How big data is "Bigdata"?

user1913522 picture user1913522 · Dec 26, 2012 · Viewed 8.5k times · Source

How much amount of data does qualify to be categorised as Bigdata?

With what size of data can one decide that this is the time to go for technologies like Hadoop and use the power of distributed computing?

I believe there is a certain premium in going for these technologies, so how to make sure that using Bigdata methods are going to leverage the current system?

Answer

Brian Campbell picture Brian Campbell · Dec 26, 2012

"Big Data" is a somewhat vague term, used more for marketing purposes than making technical decisions. What one person calls "big data" another may consider just to be day to day operations on a single system.

My rule of thumb is that big data starts where you have a working set of data that does not fit into main memory on a single system. The working set is the data you are actively working on at a given time. So, for instance, if you have a filesystem that stores 10 TB of data, but you are using that to store video for editing, your editors may only need a few hundred gigs of it at any given time; and they are generally streaming that data off of the discs, which doesn't require random-access. But if you are trying to do database queries against a full 10 TB data set that is changing on a regular basis, you don't want to be serving that data off of disk; that starts to become "big data."

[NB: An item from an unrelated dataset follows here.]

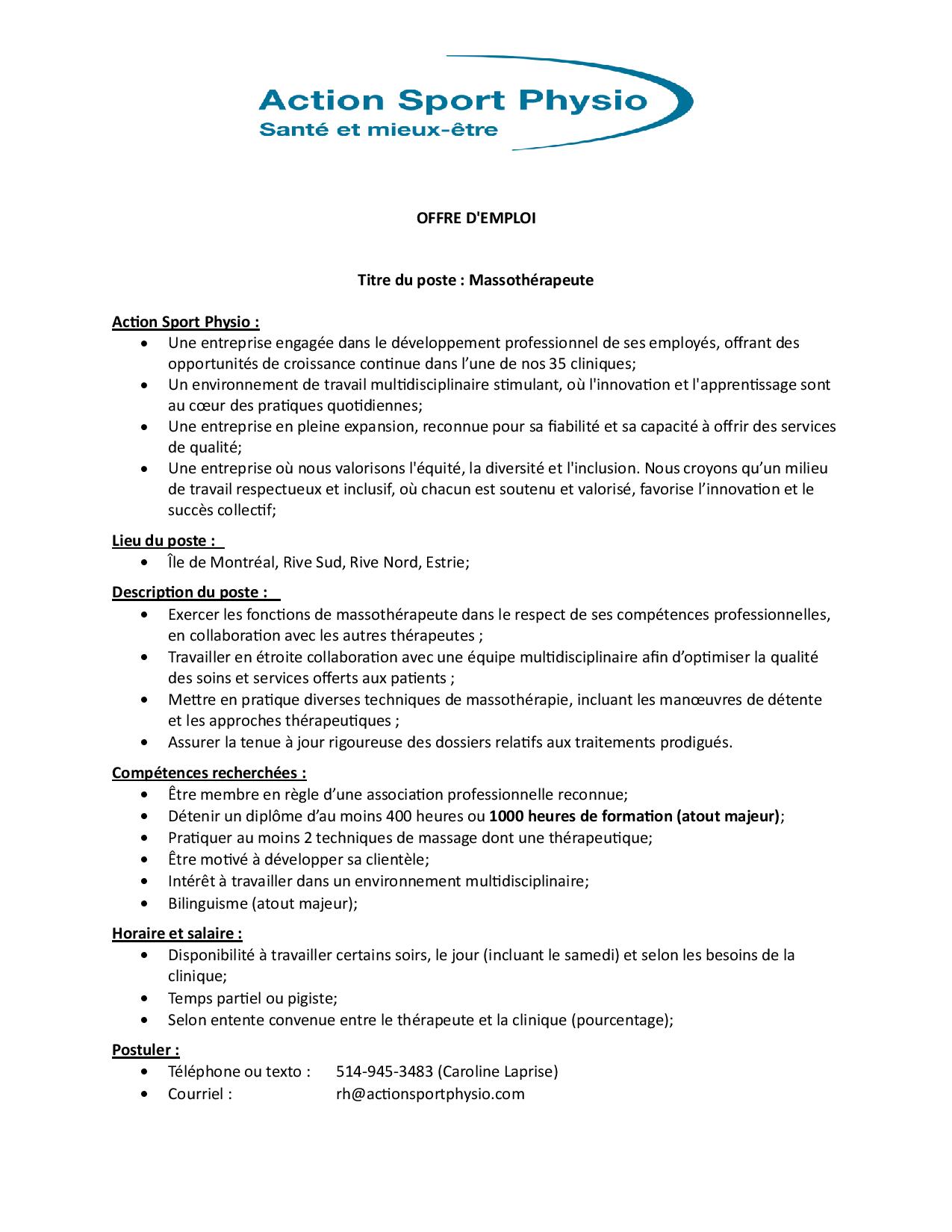 Massothérapeute recherché.e

For a basic rule of thumb, I can configure an off-the-shelf Dell server for 2 TB of RAM right now. But you pay a substantial premium to stuff that much RAM into a single system. 512 GB of RAM on a single server is much more affordable, so it would generally be more cost effective to use 4 machines with 512 GB of RAM than a single machine with 2 TB. So you can probably say that above 512 GB of working-set data (data that you need to access for any given computation on a day-to-day basis) would qualify as "big data".

Given the additional cost of developing software for "big data" systems as opposed to traditional database, for some people it might be more cost effective to move to that 2 TB system rather than re-designing their system to be distributed among several systems, so depending on your needs, anywhere between 512 GB and 2 TB of data may be the point where you need to move to "big data" systems.

I wouldn't use the term "big data" to make any technical decisions. Instead, formulate your actual needs, and determine what kinds of technologies are needed to address those needs now. Consider growth a bit, but also remember that systems are still growing in capacity; so don't try to over-plan. Many "big data" systems can be hard to use and inflexible, so if you don't actually need them to spread your data and computation to dozens or hundreds of systems, they can be more trouble than they're worth.